Chapter 10, Problem 10.135QA

Interpretation Introduction

To calculate:

a) The volume of $N_2$ produced at ${17}^{0}C$ and $1.00 atm$ if the denitrification process were complete.

b) The volume of $C{O}_2$ produced

c) The density of the gas mixture

Answer to Problem 10.135QA

Solution:

a) $38.4 L N_2$

b) $192 L C{O}_2$

c) $1.74\frac{g}{L}$

Explanation of Solution

1) Concept:

The moles of $N{O}_3^{-}$ can be calculated using its molar mass. The moles of $N_{2}and C{O}_2$ gases can be calculated using the stoichiometry of the balanced reaction.

Using the ideal gas law, the volume of each gas can be calculated.

The total mass of the gases and the total volume of the gas can be used to calculate the density of the gas mixture.

2) Formula:

$PV=nRT$

3) Given:

i) mass of $N{O}_3^{-}=200.0 g$

ii) $T={17}^{0}C=17+273=290 K$

iii) $P=1.00 atm$

iv) Balanced reaction: $2 N{O}_3^{-} \left(aq\right)+5 CO\left(g\right)+2H^{+}\left(aq\right)\to N_2\left(g\right)+H_{2}O \left(l\right)+5 C{O}_2\left(g\right)$

4) Calculations:

Calculating the moles of $N{O}_3^{-}$ and then moles of $N_2$ gas:

From the balanced reaction, it is seen that $2$ moles of $N{O}_3^{-}$ produce $1$ mole of $N_2$ gas.

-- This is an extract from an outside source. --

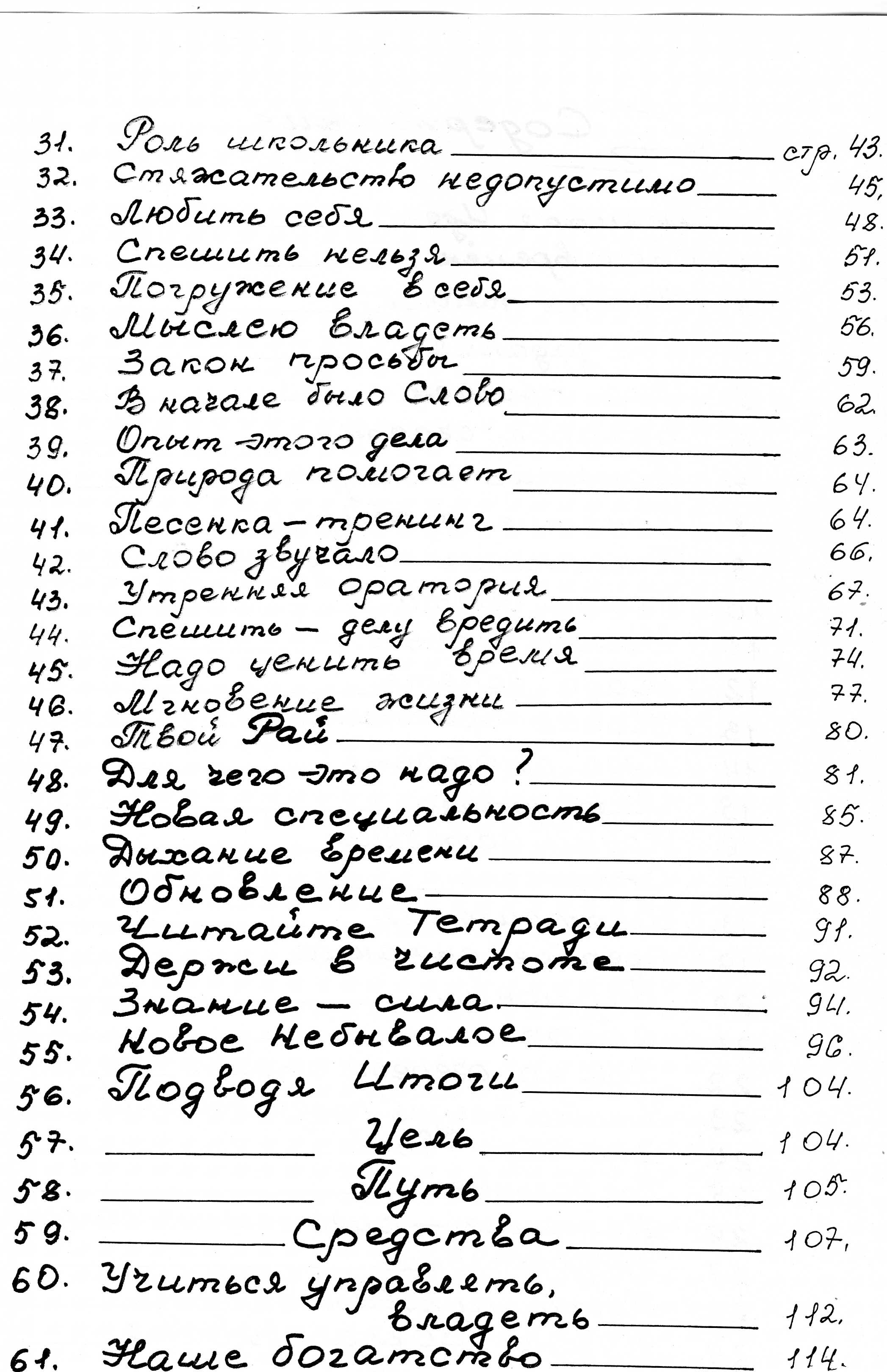 Где эти знания нам брать? Мы привыкли всё нужное брать из тетрадей Учителя или друг у друга. Но Учитель сказал: «Я лишь маленечкой иголочкой проткнул». «ТАЙНУ человек должен найти в самом себе, в своём ТЕЛЕ». «Люди только думают об этом, чтобы им не умирать, а в СЕБЕ они не ищут ИСТИНУ, не становятся на ноги, чтобы быть Богом». «Мы все по этим (предковым) дорогам ходим, свой дух кладём, а чтобы САМ СЕБЯ ТАК ПОЗНАТЬ – этого в жизни нашей не было». «Я пошел искать ИСТИНУ. Она была в МЕНЯ, в моём ТЕЛЕ». «А мы люди такого порядка, кто в природе таким оружием ищет ТАЙНУ. Бог говорит, надо не в природе искать ТАЙНУ. Надо искать ТАЙНУ В САМОМ СЕБЕ, в человеке». «Время тому пришло – во мне к СЕБЕ ИДИТЕ».

$200.0 g N{O}_3^{-} \times \frac{1 mol N{O}_3^{-}}{62.004 g N{O}_3^{-} } \times \frac{1 mol N_2}{2 mol N{O}_3^{-}}=1.6128 mol N_2$

a) Calculating the volume of $N_2$ gas:

$PV=nRT$

$V=\frac{nRT}{P}$

$V=\frac{\left( 1.6128 mol\right)\left(0.08206 \frac{L.atm}{K.mol}\right)\left(290 K\right)}{\left(1.00 atm\right)}=38.38 L N_2$

The volume of $N_2$ produced is $38.4 L$

b) Calculating the volume of $C{O}_2$ gas produced:

From the balanced reaction, it is seen that $2$ moles of $N{O}_3^{-}$ produce $5$ mole of ${CO}_2$ gas.

$200.0 g N{O}_3^{-} \times \frac{1 mol N{O}_3^{-}}{62.004 g N{O}_3^{-} } \times \frac{5 mol {CO}_2}{2 mol N{O}_3^{-}}=8.064 mol {CO}_2$

$PV=nRT$

$V=\frac{nRT}{P}$

$V=\frac{\left( 8.064 mol\right)\left(0.08206 \frac{L.atm}{K.mol}\right)\left(290 K\right)}{\left(1.00 atm\right)}=191.9 L {CO}_2$

The volume of ${CO}_2$ produced is $192 L$

c) Calculating the density of the gas mixture:

At ${17}^{0}C and 1.00 atm$, moles of $N_2 and C{O}_2$ gases are known.

Mass of $N_2$ gas =

$1.6128 mol N_2\times \frac{28.014 g N_2}{1 mol N_2}=45.18 g N_2$

Mass of ${CO}_2$ gas =

$8.064 mol {CO}_2\times \frac{44.009 g {CO}_2}{1 mol {CO}_2}=354.89 g {CO}_2$

Total mass of gases $=45.18g+354.89 g=400.07 g$

Total volume of gases $38.4 L+192 L=230.4 L$

Density of gas mixture $= \frac{400.07g }{230.4 L}=1.736\frac{g}{L}$

Thus, the density of the gas mixture is $1.74\frac{g}{L}$

Conclusion:

The moles of the gases are calculated using the stoichiometry of the balanced reaction. The volumes of the gases are calculated using the ideal gas equation and the density of the gas mixture is calculated.